Questo vale soprattutto quando il cliente sta confrontando più fornitori e deve ridurre il rischio percepito. In questi scenari la decisione non premia sempre chi ha il commerciale migliore in senso assoluto. Molto spesso premia chi risulta più facile da giustificare internamente. Chi comunica meglio la propria specializzazione. Chi mostra una traiettoria di crescita leggibile. Chi non sembra improvvisato. Chi appare come una scelta affidabile anche agli occhi di chi non conosce direttamente la storia della relazione.

Per questo motivo gli investimenti in marketing, advertising, relazioni pubbliche e contenuti non vanno letti solo come costo di acquisizione. Vanno letti anche come difesa del posizionamento competitivo. Servono a evitare che il valore costruito dalla forza vendita venga eroso da competitor più abili nel presidiare la percezione del mercato.

Un caso utile: quando anche un’impresa enterprise investe nel brand

Chi considera il marketing un’attività “più da aziende consumer che da contesti complessi” tende a dimenticare un fatto semplice: proprio molte realtà enterprise e multinazionali investono da anni in programmi strutturati di posizionamento, thought leadership e presenza di mercato. Non perché abbiano bisogno di sostituire il lavoro commerciale, ma perché sanno che la vendita complessa si gioca anche nella costruzione del contesto reputazionale.

Il caso IBM è esemplare. Parliamo di un’azienda con una storia fortemente legata a grandi organizzazioni, progetti complessi, relazioni di lungo periodo, cicli di vendita articolati e forte componente consulenziale. Eppure IBM ha investito nel tempo in un impianto di comunicazione molto ambizioso, con campagne come Smarter Planet, finalizzate non solo a promuovere singole soluzioni ma a orientare la percezione del mercato attorno a una visione, a un linguaggio e a un posizionamento distintivo.

Il punto interessante non è la campagna in sé. Il punto è il principio che la sostiene: anche quando il business dipende da relazioni enterprise e dalla forza della struttura commerciale, il brand continua a contare perché crea un contesto di legittimazione. In mercati complessi non vince solo chi sa vendere. Vince anche chi riesce a essere percepito come interlocutore naturale su determinati temi.
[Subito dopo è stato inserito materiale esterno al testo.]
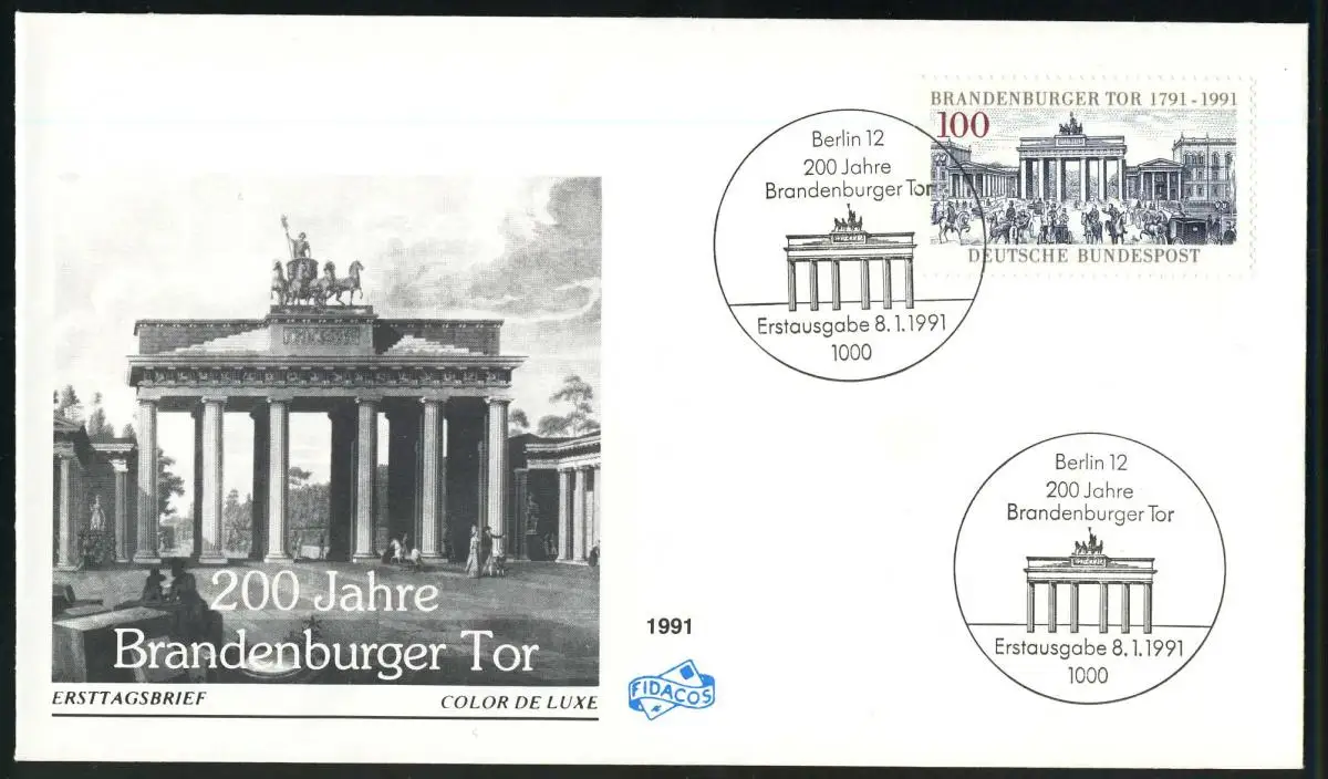 1492DD Brandenburger Tor - double impression des inscriptions grises sur le FDC de bijoux

Il rischio di concentrazione del fatturato: quando pochi clienti pesano troppo

Infografica sul rischio di concentrazione del fatturato con confronto tra portafoglio clienti concentrato e portafoglio diversificato

Quando pochi clienti incidono troppo sul fatturato, la stabilità del business diventa più fragile.
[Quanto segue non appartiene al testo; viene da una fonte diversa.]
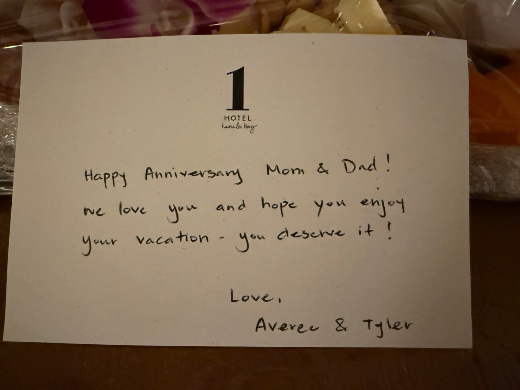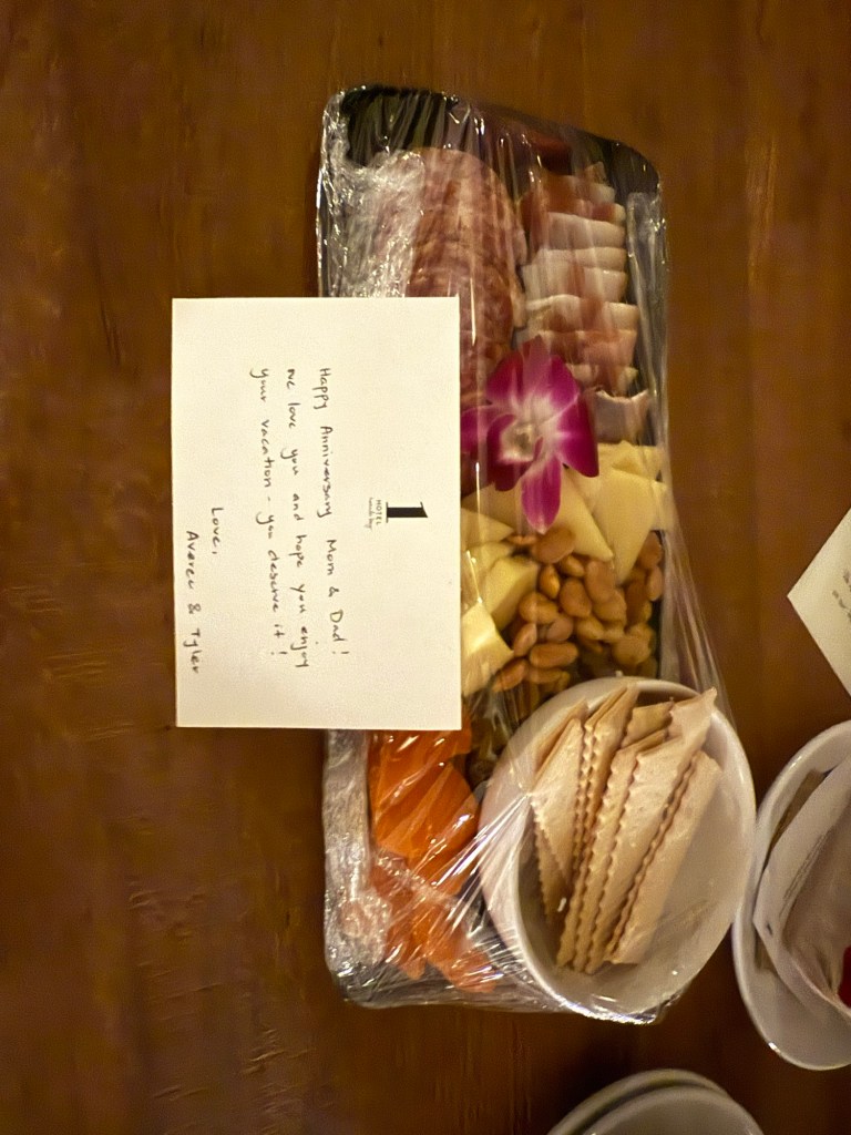 We got to our room and were greeted with a surprise from our kids! Such a treat because we were hungry and tired!

Qui il ragionamento diventa ancora più strategico. Molte SpA e Srl che operano in mercati B2B maturi hanno un portafoglio clienti fortemente concentrato. Non è raro che una quota molto rilevante del fatturato dipenda da pochi account. Sul breve periodo questa situazione può sembrare efficiente: il rapporto commerciale è profondo, la previsione del business è più semplice, il costo di acquisizione è relativamente contenuto e il presidio dei clienti chiave assorbe gran parte delle energie manageriali. Ma proprio questa concentrazione può trasformarsi in una fragilità seria.

Quando troppo fatturato dipende da pochi clienti, si riduce il potere negoziale dell’azienda. Ogni rinnovo pesa di più. Ogni richiesta di sconto incide di più. Ogni ritardo, cambio di management, revisione del procurement, gara internazionale o decisione di internalizzare il servizio produce un impatto maggiore. Inoltre, l’organizzazione rischia di adattarsi in modo eccessivo alle logiche di pochi account, perdendo progressivamente attrattività verso il resto del mercato.

Il caso di Imagination Technologies è stato spesso citato proprio per questa ragione. Quando Apple comunicò che avrebbe smesso di utilizzare la sua tecnologia grafica, il mercato reagì in modo molto duro anche perché Apple rappresentava una quota enorme del suo fatturato. Al di là delle specificità del caso, il principio è chiarissimo: la dipendenza da un cliente molto dominante non è mai solo un vantaggio commerciale; è anche un rischio strategico.

Ed è qui che marketing, brand e sviluppo della visibilità di mercato tornano centrali. Non come decorazione corporate, ma come leva di diversificazione. Un’impresa più visibile, più chiara nel suo posizionamento e più presente nei touchpoint informativi del proprio settore ha maggiori possibilità di allargare il perimetro della domanda, entrare in nuove shortlist, aprire conversazioni in nuovi mercati e ridurre nel tempo la dipendenza da pochi key account.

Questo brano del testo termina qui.